Thursday, September 23, 2010

In short: Death Screams (1982)

aka Night Screams

aka The House of Death

It's the end of the summer holidays in a small town in North Carolina. In a few days, a group of (of course looking rather old for their age) friends will leave their home for various Big City colleges.

But before it's time to say goodbye for them, they're going to have a little fun at the town's yearly carnival. After that, there's still time to drive out to the river situated nearby and have one final party.

What the friends don't know is that a killer armed with a machete (and sometimes bow and arrow and a plastic bag, it seems) is slashing and stalking through town and will soon enough demonstrate his own style of partying to them.

Will the town's mean fat redneck sheriff be able to save anyone before his heart finally succumbs to all that ichor that's clogging his arteries?

If you're looking for a local slasher movie that's particularly exciting or clever, or for one that actually works as a suspense film, I'd recommend you just keep away from Death Screams, because in these respects, there's not much to the film. The kills mostly aren't interesting, there's no mood of danger or terror, and although the physics of some of the kills are rather problematic (did you know that it takes about three seconds to suffocate underneath a plastic bag that someone has loosely thrown over your head?), they aren't really ridiculous enough to provide much amusement.

If, on the other hand, you're me, and have subscribed to the concept of small local productions like this being windows into the very specific cultural mores of very specific times and places, you'll find some minor delights on display here. Look at the amusing pretend-mean grandmother! Marvel at how boring life must be where a carnival as shabby as the one we get to see is a major event! Thrill to the sense of witnessing a sheriff as authentically mean-spirited and bitter as they come! And be surprised by the sense of pessimism and ennui in the teenaged protagonists played by playmates and people with only a handful of acting credits to their names, whose only distractions from the smallness of their lives are joints and sex (see also, "Let's Take Some Drugs And Drive Around")! Watch me try and avoid to describe the film as "thematically rich"!

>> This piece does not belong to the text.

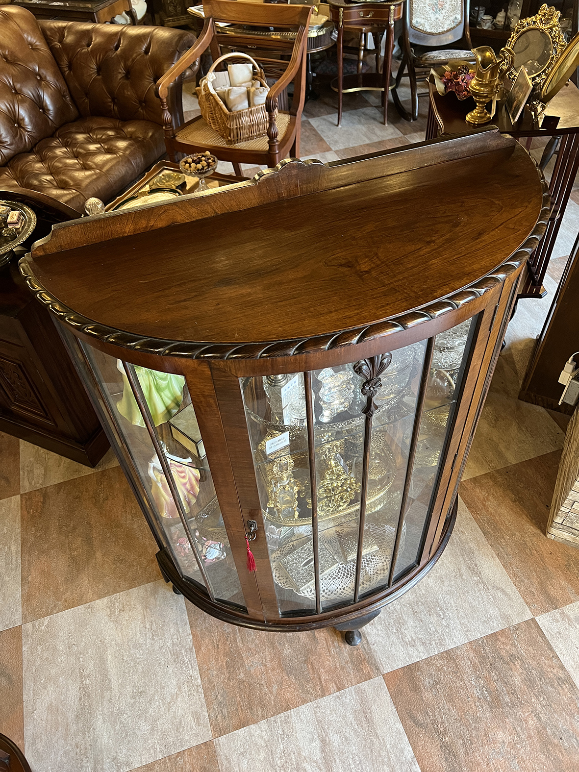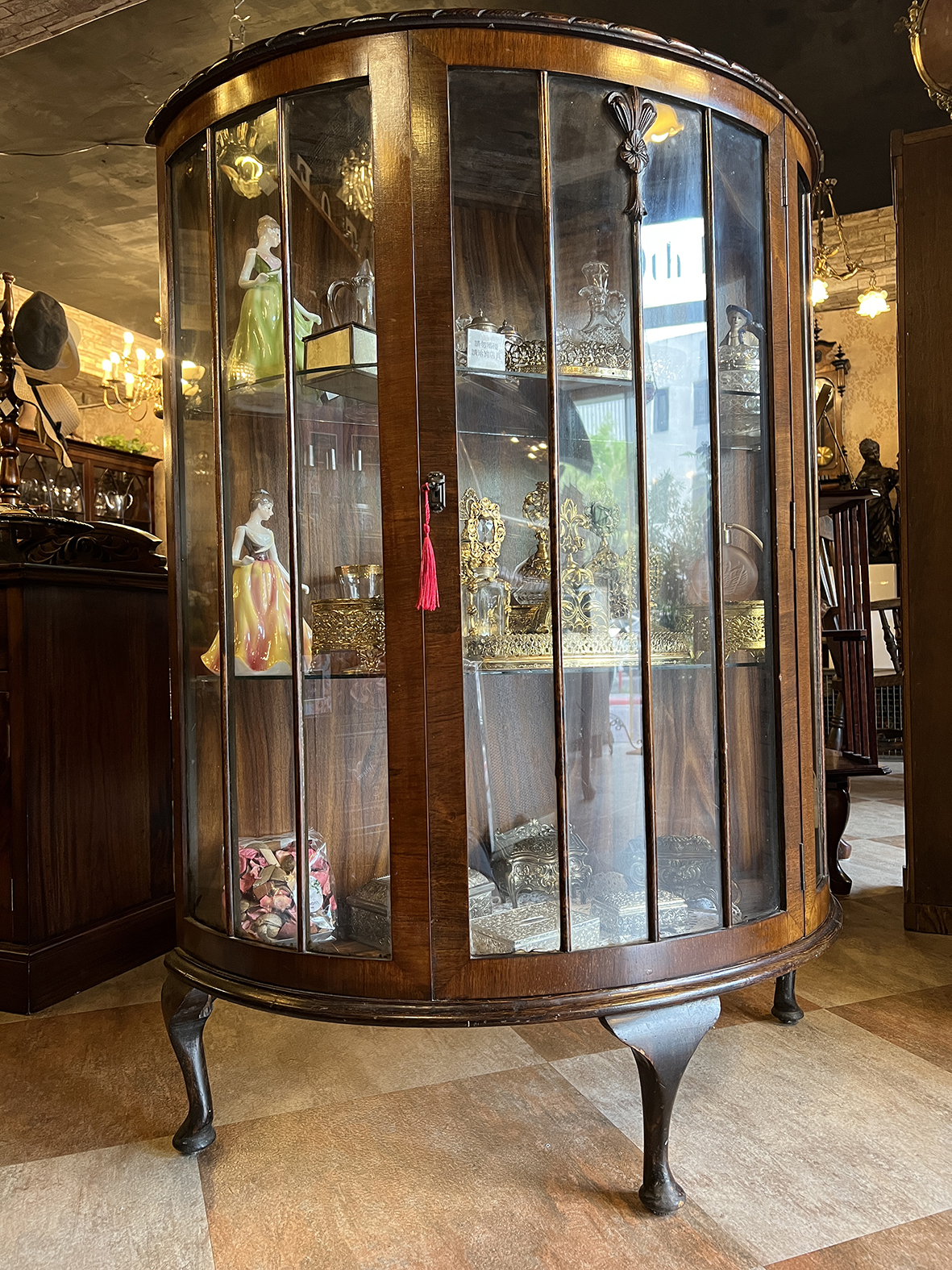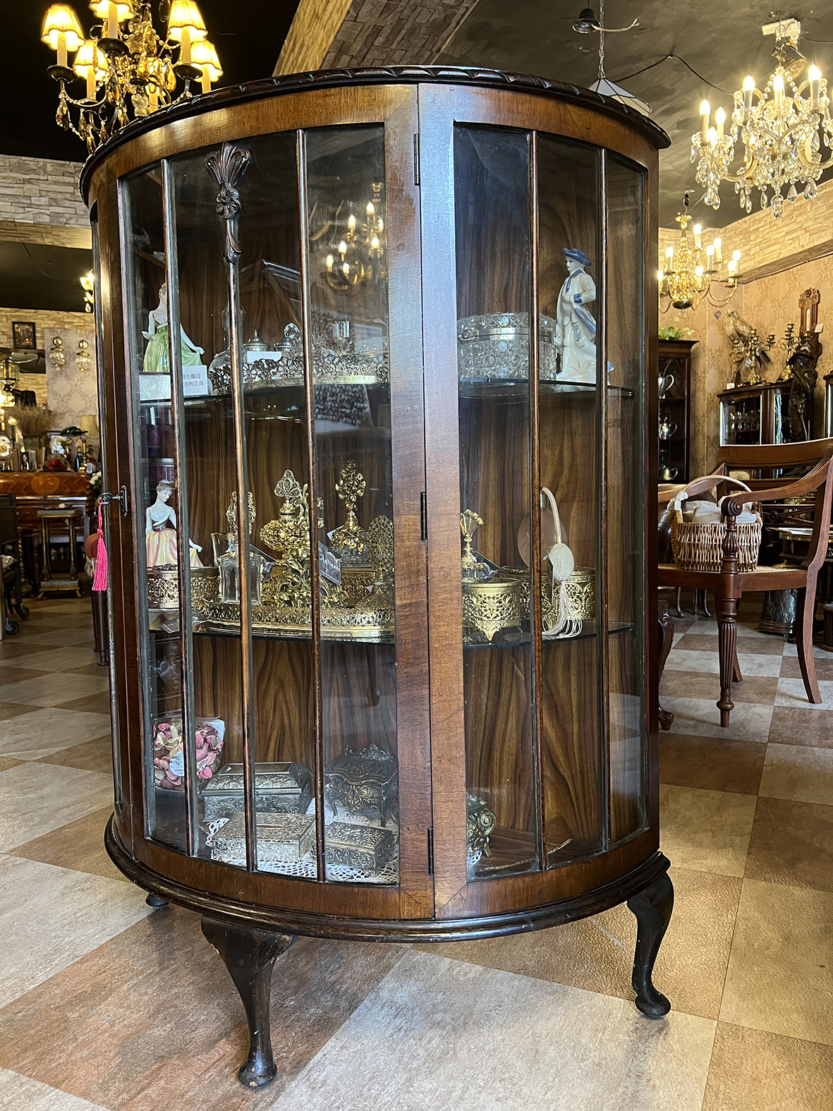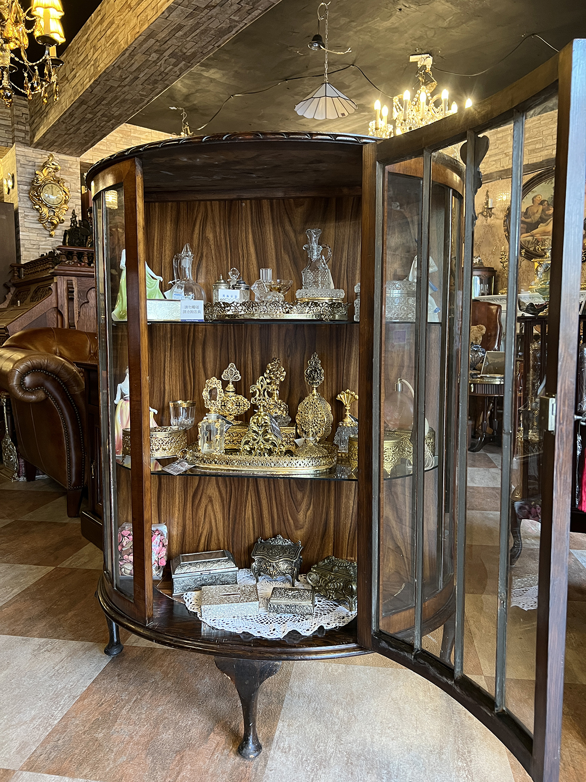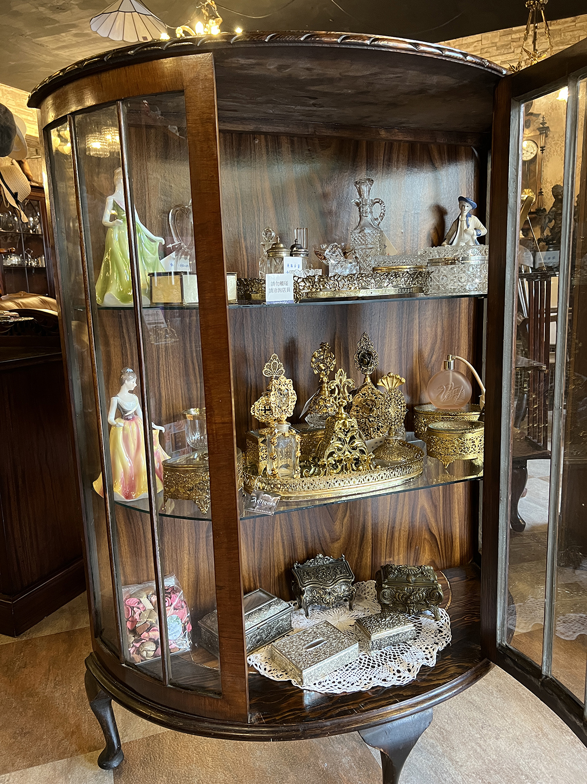 此類展示櫃當年多為上流社會家庭於客廳、書房或沙龍陳列珍藏之用,不僅展示生活品味,也象徵主人的文化修養與審美眼光。

Of course, Death Screams truly isn't "thematically rich", but rather a very standard cheap slasher film that - probably without intention of its director David Nelson or its one-time (or just pseudonymous) writer Paul C. Elliott - takes on aspects of the environment it was made in.

But if one goes on an expedition into the wilds of local, independent filmmaking, one should not care too much if the more interesting sights one finds have been erected intentionally or not, and instead enjoy them and be thankful they exist.